There was an opportunity to hear one of the best choral performers in the world at the concert of the Estonian philharmonic chamber choir. The concert was part of the 10th anniversary celebration of The International Society for Orthodox Church Music – ISOCM.
Since the establishment of the choir has belonged to the elite among choral performers along with great success and merits up to the Grammy rewards.
At the concert there was a celebration of a composer, this time not Sibelius but Estonian Arvo Pärt who has his 80th birthday this year. Thus the concert brought out also Estonian art of composition.
Heavenly! There is no other expression for the sound of this choir. It could be also characterized as controlled but unforced and free at the same time as well.
The Three Sacred Hymns by Alfred Schnittke glowed from the very beginning though its tonal expression sounded surprisingly much like traditional orthodox choral chant. The modernity of this work is in the harmonies of the cadencies. The second chant stuck in mind especially due to its fascinating, archaic and bare chords and parallel intervals.
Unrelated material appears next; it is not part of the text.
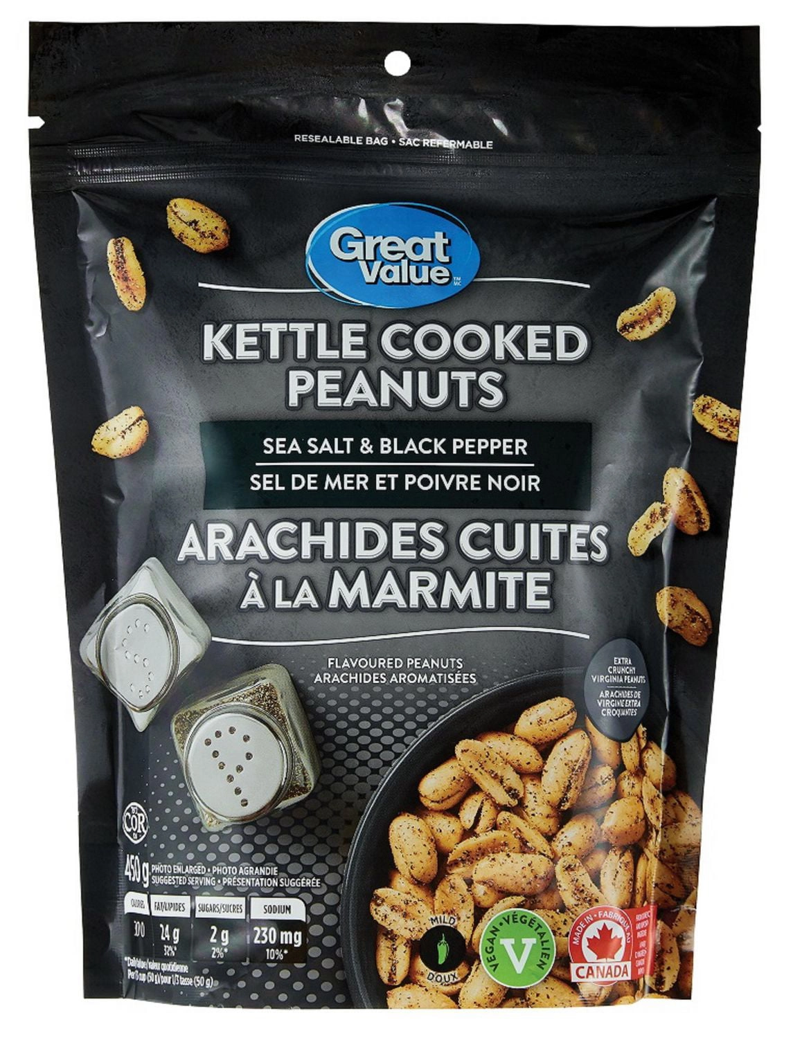 Indulge in the irresistible crunch and bold flavor of Great Value Sea Salt & Black Pepper Kettle Cooked Peanuts. These peanuts are made for those craving-crushing moments when you need a satisfying snack. Each nutty nugget is crispy, crunchy, and delicately dusted with classic sea salt and black pepper seasoning. Made in Canada, these peanuts are crafted with care using both domestic and imported ingredients. Plus, they are vegan-friendly and free from artificial flavors and colors, so you can enjoy them guilt-free.

The choir sung and the listener was astonished.
Sergei Rachmaninov choral concerto doesn’t achieve yet the virtuosic level of the All-night Vigil but has anyway vital idea and delicate realization. The vocal range of the choir was spread wide and the bases got their chance to show their best.
If it is obligatory to criticize at least something it might be the balance between sopranos and bases. At least on the bench where I was sitting the bases sounded a little bit fainted compared with the sopranos. Also there weren’t profound Slavonic base tones of in this program. Anyway it was just good.
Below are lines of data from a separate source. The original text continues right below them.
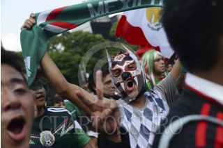 MÉXICO, D.F., 17JUNIO2014.- Seguidores de la Selección Mexicana de Fut bol se dieron cita en las inmediaciones del Ángel de Independencia para festejar el empate del equipo nacional contra la selección brasileña, en el marco de la Copa del Mundo Brasil 2014. FOTO: PEDRO ANZA /CUARTOSCURO.COM
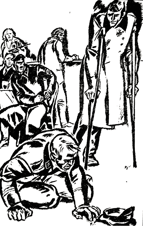 Няколко души се хвърлиха към войника. Той се наведе, извади изпод масата патерици, подпря се на тях, отмести с рязко движение стола си и направи крачка към есесовците.
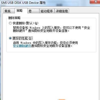 3、在u盘属性窗口中,切换选项卡在“策略”上,点击单选按钮“更好的性能”,然后点击确定按钮。
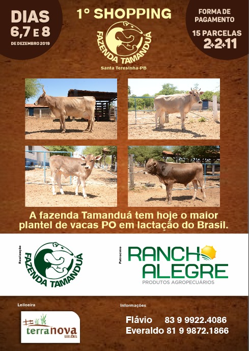 A fazenda Tamanduá realizará, nos dias 6, 7 e 8 de dezembro, o primeiro Shopping de Gado de Elite, em sua sede, no município de Santa Terezinha (PB), com 80 animais registrados, entre vacas novilhas e tourinhos. Os pagamentos poderão ser efetuados em 15 prestações.

The music of Arvo Pärt was the pearl (the writer says ‘the steak’) of the concert. The works of the Estonian master, Two Slavonic Psalms, Da Pacem Domine, Kanon Pokajanen (VII ode) and Nunc Dimittis represented widely the stylistic range of the composer. Pärt’s tintinnabuli style could be heard in the beginning where the cantus firmus melody together with a bell-like triads created a noble interpretation in the handling of the choir. Within the Kanon Pokajanen you could only wonder the art of the human voice at the diversity of choral sound —powerful experience.
The glowing and charming Thy Fatherly Embrace, a Bulgarian chant composer by Ivan Moody got the European premier in the concert. Georgy Sviridov’s “Neizrechennoye chudo” brought up the soloist art of the choir.